L’inchiesta nasce nel 2011 quando il Servizio Centrale Investigazione Criminalità Organizzata decide di approfondire un’indagine parallela della procura di Napoli. Gli investigatori avevano scoperto che una persona organica ad un clan camorristico dell’area casalese era stata contattata da un appartenente alla cosiddetta “mala del Brenta” con precedenti specifici per traffico di armi. Quest’ultimo cercava, infatti, persone esperte di armi ed armamenti da inviare alle Seychelles per l’addestramento di un battaglione di somali, che avrebbero dovuto svolgere attività espressamente qualificate come “mercenariato“. L’inchiesta, poi sfociata in diversi procedimenti penali, aveva documentato che la richiesta di addestramento arrivava da una persona di nazionalità somala, con cittadinanza italiana, parente del deposto dittatore del Puntland.

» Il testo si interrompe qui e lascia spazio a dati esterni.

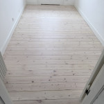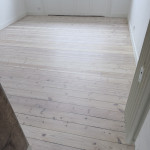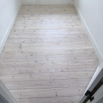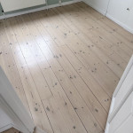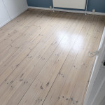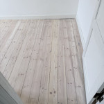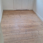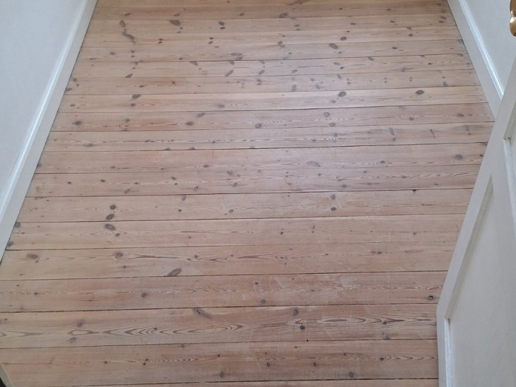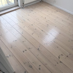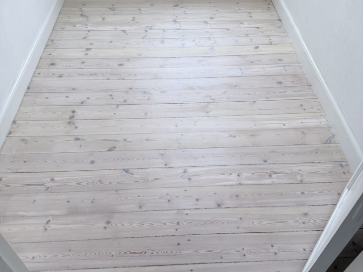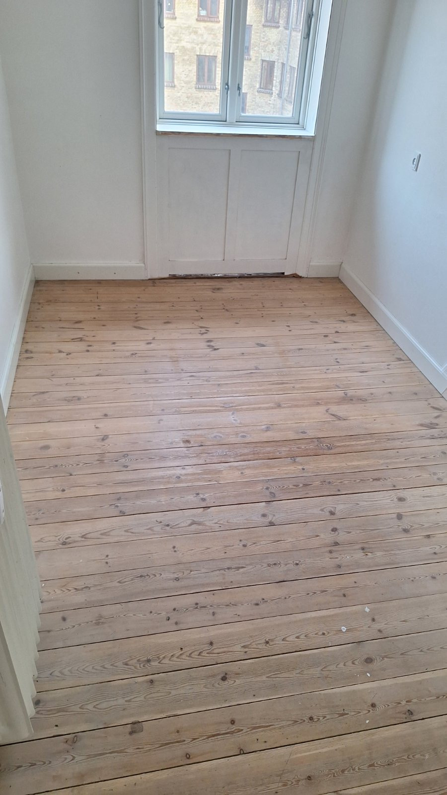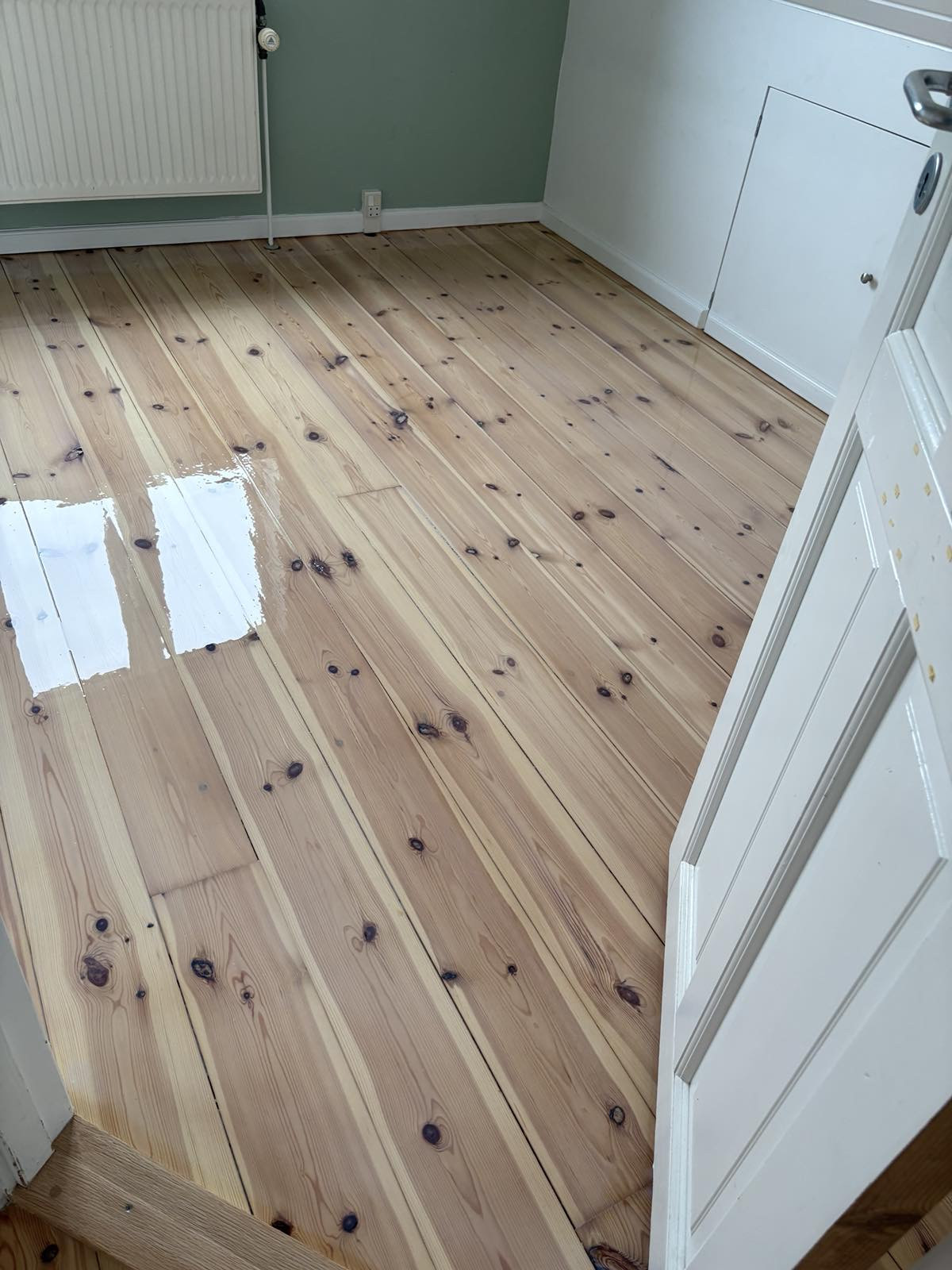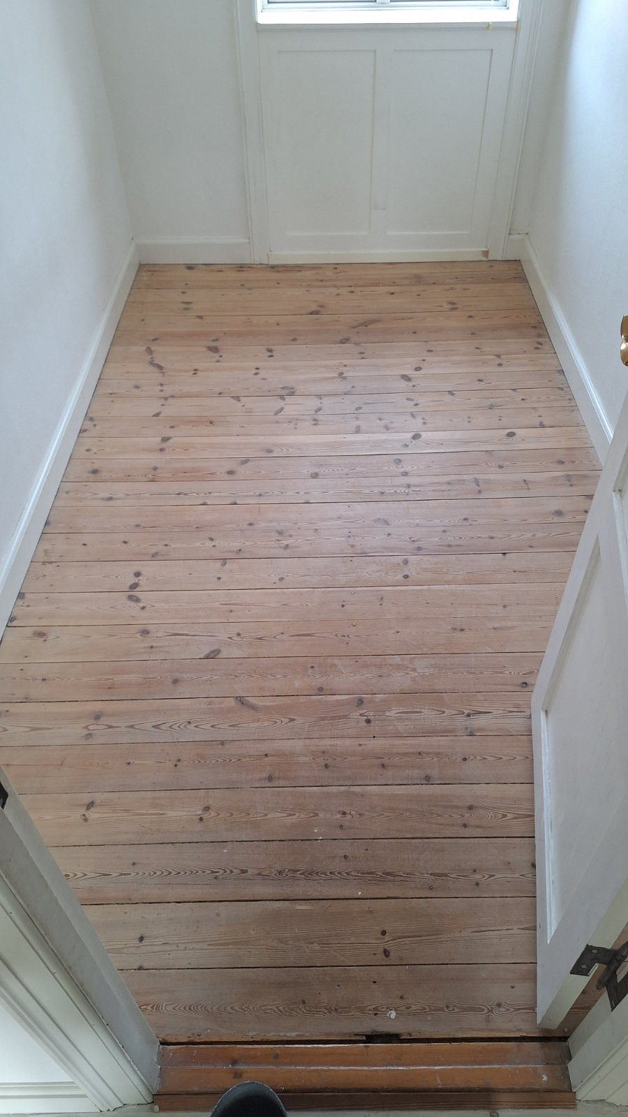 Vi fik slebet og behandlet gulve i hele lejligheden (hvid lud + hvid lak).

Gli approfondimenti investigativi riescono poi a ricostruire una mappa del commercio internazionale di armamenti di produzione estera. Tutti i coinvolti svolgono, formalmente, secondo l’ipotesi formulata, attività connesse con il commercio internazionale, avvalendosi anche di società con sede in Paesi esteri, principalmente in Ucraina ed in Tunisia, nonché mantenendo consolidati rapporti con personalità del mondo politico, militare e religioso in Stati dell’area asiatica e mediorientale quali Iran e Libia.

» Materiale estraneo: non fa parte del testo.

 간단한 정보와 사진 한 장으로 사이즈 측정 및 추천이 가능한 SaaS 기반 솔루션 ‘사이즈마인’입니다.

In gergo la chiamano “triangolazione”: vengono ceduti elicotteri senza farle passare dal suolo nazionale: un affare milionario, ricostruito dalla procura di Napoli grazie a rogatorie internazionali e alla collaborazione delle Agenzie di Informazione e Sicurezza. L’impressione, però, è che l’indagine sia ancora all’inizio.